[Records from a data source]

►

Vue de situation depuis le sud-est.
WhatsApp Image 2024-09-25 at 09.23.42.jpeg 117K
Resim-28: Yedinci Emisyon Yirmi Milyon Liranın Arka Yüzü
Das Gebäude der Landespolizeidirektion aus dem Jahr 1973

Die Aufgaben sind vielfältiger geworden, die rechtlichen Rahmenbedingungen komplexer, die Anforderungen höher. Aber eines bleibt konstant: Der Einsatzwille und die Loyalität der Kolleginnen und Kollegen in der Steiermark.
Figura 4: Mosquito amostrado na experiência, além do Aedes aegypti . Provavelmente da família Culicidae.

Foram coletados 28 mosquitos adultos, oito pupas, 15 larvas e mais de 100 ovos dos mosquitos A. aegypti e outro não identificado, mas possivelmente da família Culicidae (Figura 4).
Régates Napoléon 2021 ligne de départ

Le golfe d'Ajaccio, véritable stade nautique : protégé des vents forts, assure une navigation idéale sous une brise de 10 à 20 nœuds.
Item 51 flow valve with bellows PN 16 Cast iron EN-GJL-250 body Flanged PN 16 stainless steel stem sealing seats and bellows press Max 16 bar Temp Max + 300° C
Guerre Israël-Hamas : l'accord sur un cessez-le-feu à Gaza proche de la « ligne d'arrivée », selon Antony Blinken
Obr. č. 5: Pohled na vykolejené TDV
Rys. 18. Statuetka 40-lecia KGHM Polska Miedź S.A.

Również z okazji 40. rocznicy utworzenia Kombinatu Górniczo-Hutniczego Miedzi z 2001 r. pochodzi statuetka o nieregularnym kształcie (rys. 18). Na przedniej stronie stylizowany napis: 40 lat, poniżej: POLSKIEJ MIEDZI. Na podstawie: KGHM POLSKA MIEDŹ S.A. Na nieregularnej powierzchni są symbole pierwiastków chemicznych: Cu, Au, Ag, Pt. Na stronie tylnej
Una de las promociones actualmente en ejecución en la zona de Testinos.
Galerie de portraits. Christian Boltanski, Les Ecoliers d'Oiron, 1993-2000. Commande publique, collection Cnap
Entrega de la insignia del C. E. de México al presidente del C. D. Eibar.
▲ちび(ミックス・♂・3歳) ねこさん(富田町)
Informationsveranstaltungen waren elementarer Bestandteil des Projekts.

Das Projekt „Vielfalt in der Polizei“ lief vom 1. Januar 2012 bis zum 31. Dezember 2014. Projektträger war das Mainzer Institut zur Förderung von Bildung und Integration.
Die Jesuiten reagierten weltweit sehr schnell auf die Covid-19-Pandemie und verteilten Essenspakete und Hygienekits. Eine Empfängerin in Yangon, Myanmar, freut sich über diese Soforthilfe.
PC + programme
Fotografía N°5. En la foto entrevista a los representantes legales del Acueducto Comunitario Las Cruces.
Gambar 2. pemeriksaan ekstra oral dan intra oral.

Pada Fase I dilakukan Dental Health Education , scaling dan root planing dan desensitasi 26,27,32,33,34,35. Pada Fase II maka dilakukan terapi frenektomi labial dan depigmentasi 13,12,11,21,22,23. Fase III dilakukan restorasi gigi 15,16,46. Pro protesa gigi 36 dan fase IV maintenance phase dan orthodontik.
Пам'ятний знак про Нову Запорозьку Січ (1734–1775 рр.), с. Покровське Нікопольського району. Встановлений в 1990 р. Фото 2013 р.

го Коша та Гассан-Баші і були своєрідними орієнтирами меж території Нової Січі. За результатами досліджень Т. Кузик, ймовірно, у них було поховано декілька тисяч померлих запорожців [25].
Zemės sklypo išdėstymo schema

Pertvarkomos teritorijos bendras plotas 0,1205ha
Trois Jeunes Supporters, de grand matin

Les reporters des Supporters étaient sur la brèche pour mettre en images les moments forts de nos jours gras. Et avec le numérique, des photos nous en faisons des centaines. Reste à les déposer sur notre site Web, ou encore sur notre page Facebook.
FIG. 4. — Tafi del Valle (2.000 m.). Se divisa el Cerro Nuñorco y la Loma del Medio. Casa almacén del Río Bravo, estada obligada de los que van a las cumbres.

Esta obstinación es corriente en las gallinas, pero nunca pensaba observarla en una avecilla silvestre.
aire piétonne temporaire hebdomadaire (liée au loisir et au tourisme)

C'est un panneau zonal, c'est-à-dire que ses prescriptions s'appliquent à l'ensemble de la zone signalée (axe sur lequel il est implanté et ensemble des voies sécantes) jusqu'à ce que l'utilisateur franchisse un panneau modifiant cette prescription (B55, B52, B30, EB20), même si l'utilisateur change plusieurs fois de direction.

◄

**YOUR OBJECTIVE:**
When a line in the records holds the string "Supporters", copy that line.

**EXERCISE OUTPUT:**
Trois Jeunes Supporters, de grand matin
Les reporters des Supporters étaient sur la brèche pour mettre en images les moments forts de nos jours gras. Et avec le numérique, des photos nous en faisons des centaines. Reste à les déposer sur notre site Web, ou encore sur notre page Facebook.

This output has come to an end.